This is a survey of the postage stamps and postal history of Guinea-Bissau, formerly known as Portuguese Guinea.

Guinea-Bissau is located in West Africa. It is bordered by Senegal to the north, and Guinea to the south and east, with the Atlantic Ocean to its west.

Portuguese Guinea

Stamps of Cape Verde were used in what is now Guinea-Bissau from 1877. The first stamps of Portuguese Guinea were issued 1881, overprinting stamps of Cape Verde. The first series of definitives was issued in 1886.

In 1913, the Vasco da Gama commemorative series of Macau, Timor and Portuguese Africa were surcharged in new currency for Portuguese Guinea. The Ceres series was issued in Portuguese Guinea from 1914.

Independence
The first stamps of independent Guinea-Bissau were issued in 1974.

Further reading
 Correl, Frank. "Inside Guinea-Bissau." The American Philatelist.

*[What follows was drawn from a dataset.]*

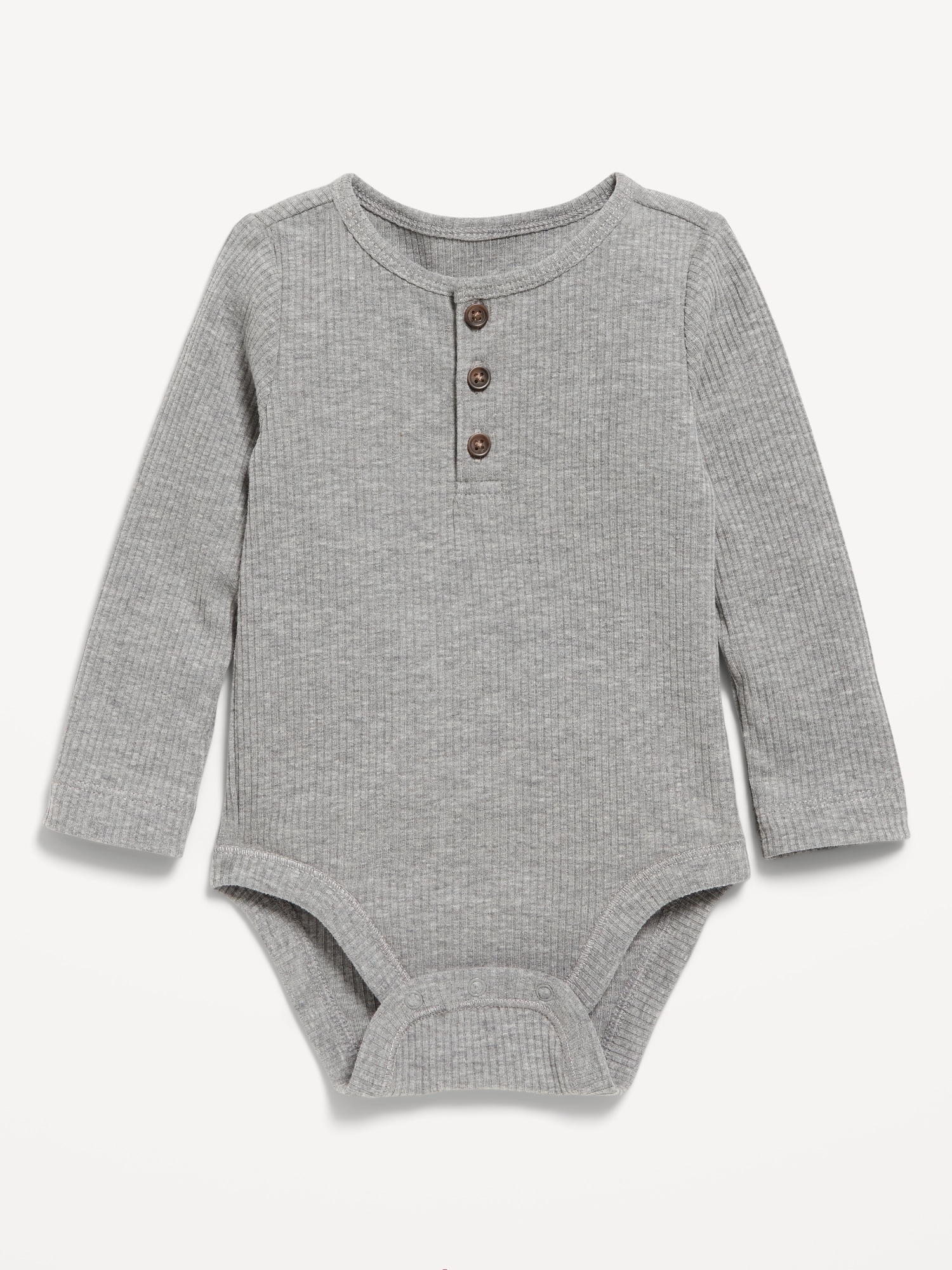 Long-Sleeve Ribbed Henley Bodysuit for Baby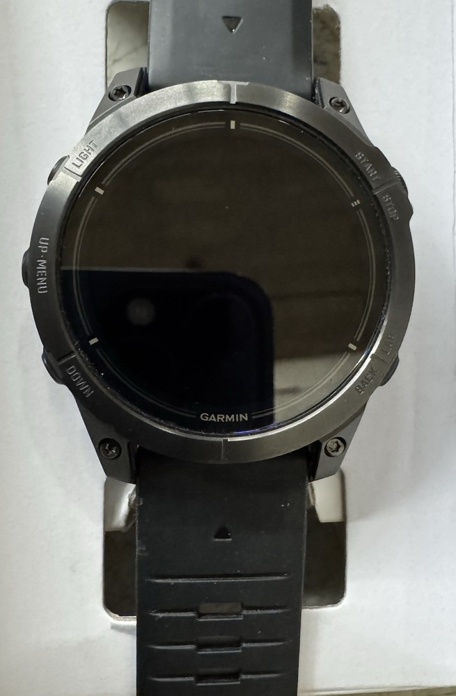 The Garmin epix Pro (Gen 2) Sapphire Edition GPS Watch in Carbon Gray/Black, 47mm is a high-performance fitness tracker designed for both indoor and outdoor activities. With a sleek black design and a durable titanium build, this watch offers a variety of features such as heart rate monitoring, distance tracking, and sleep recording. Its GPS capabilities allow for precise location tracking, while its battery life of up to 6 days ensures long-lasting use. Compatible with both iOS and Android operating systems, this watch is perfect for gym training, swimming, and running, making it a versatile and reliable option for fitness enthusiasts. Also has a built in flash light! These watches are like new condition! No scratches or blemishes. Any questions feel free to ask! :)

Vol. 111 No. 4 (April 1997), p. 322-328.
 Figueiredo, J Pîres de. "Os selos postais da Guiné Portuguesa." Boletim cultural da Guiné Portuguesa. Nos. 11/15/16. (Julho 1948/Julho 1949/Outubro 1949).
 Küchler, Reinhard. Republik Guinea-Bissau seit der Unabhängigkeit 1974 : Philatelie und Postgeschichte. Düsseldorf: Briefmarkenfreunde-Düsseldorf, 2009
 Oliveira Pinto, Fernando de. Os selos Coroa da Guine: "Guine" pequena-os primeiros selos. Madrid: Fundacao Albertino de Figueiredo para a Filatelia (FFA), 2003 , 180p.